At Twist Robotics, Kateryna (25) sits behind a simulator, where she has simulated the front near Zaporizja using satellite images and data. She trains Ukrainian pilots to use the Saker Scout and shows how to attack a tank with it.

Kateryna from Twist Robotics simulates the Zaporizhia front on a simulator for training drone pilots.
Kostyantyn Chernichkin’s photo

Twist Robotics must throw everything they have into the war, she says. So maximum effort and maximum creativity. “Compared to Russia, they have more people, money and weapons. But this is not just a war of numbers, but also of creativity,” she says. “If we make something that the Russians don’t have, we have an advantage. So we have to out-of-the-box thinking with the resources we have.”

Russia sees the danger of the development of Ukrainian drones.

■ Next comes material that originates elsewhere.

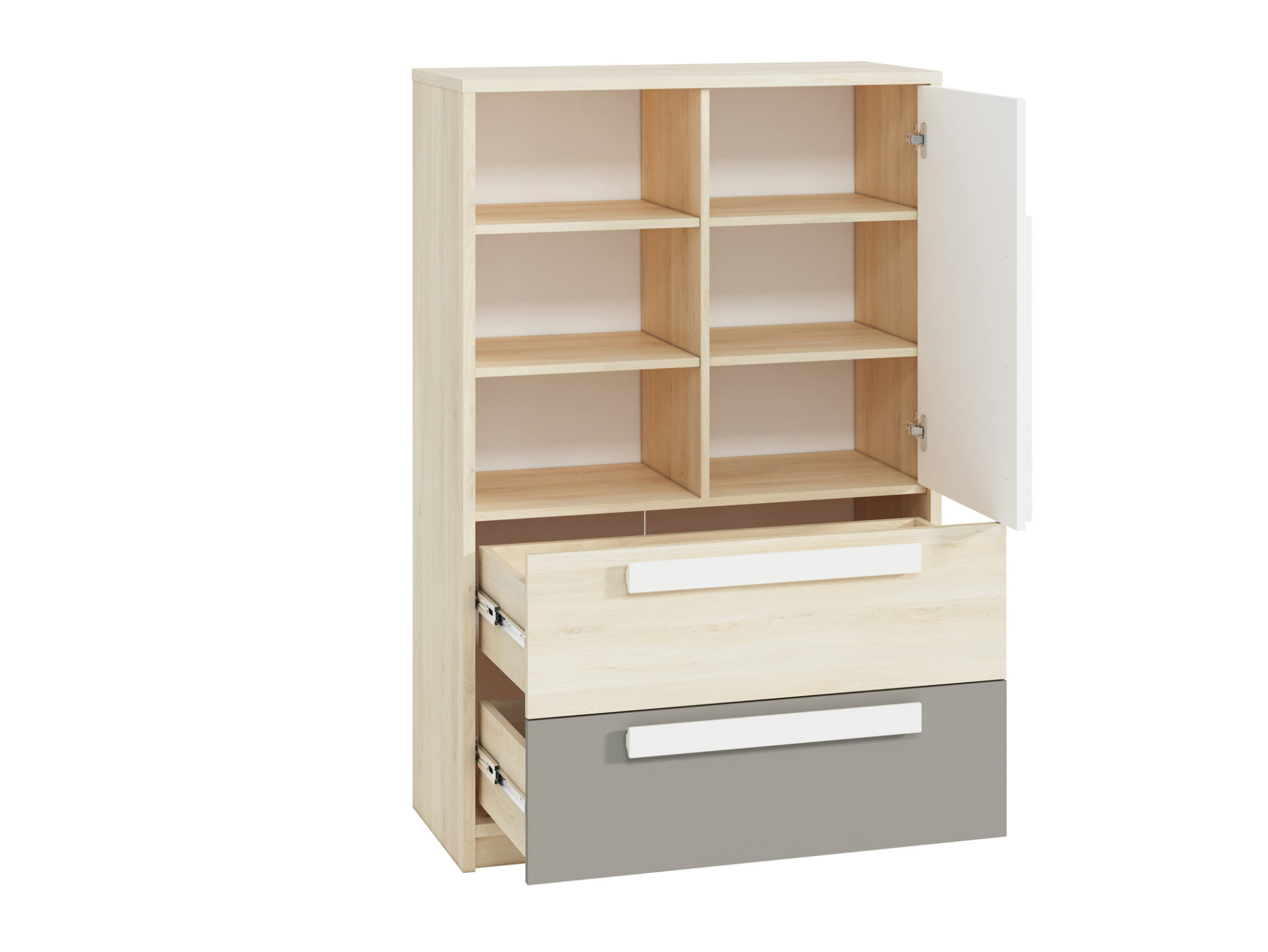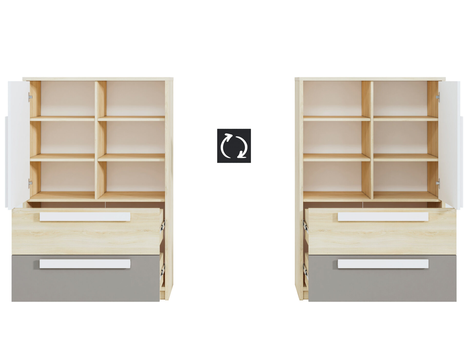 Зачастую именно гибкость расстановки мебели определяет ее покупку. Возможность установки дверей как с правой, так и с левой стороны позволяет адаптировать Drop 07 к вашим индивидуальным потребностям. Мы дополнительно усилили вместительные ящики и добавили функциональные системы полного выдвижения. Деревянные ручки имеют закругленную форму и безопасны для детей. Конструкция полностью безопасна и сбалансирована.

Apart from Olentsjyn, no one wants their first and last name in the newspaper. Too much attention can arouse the interest of the Russians. The fear arose after the Russians bombed the city theater in the northern Ukrainian city of Chernihiv last month, where a drone conference was taking place at the time. At least seven people were killed in the attack. “It looks like they want to hit the Ukrainian drone community,” said Olentsjyn of Twist Robotics. “But I don’t care. We will continue to build drones.”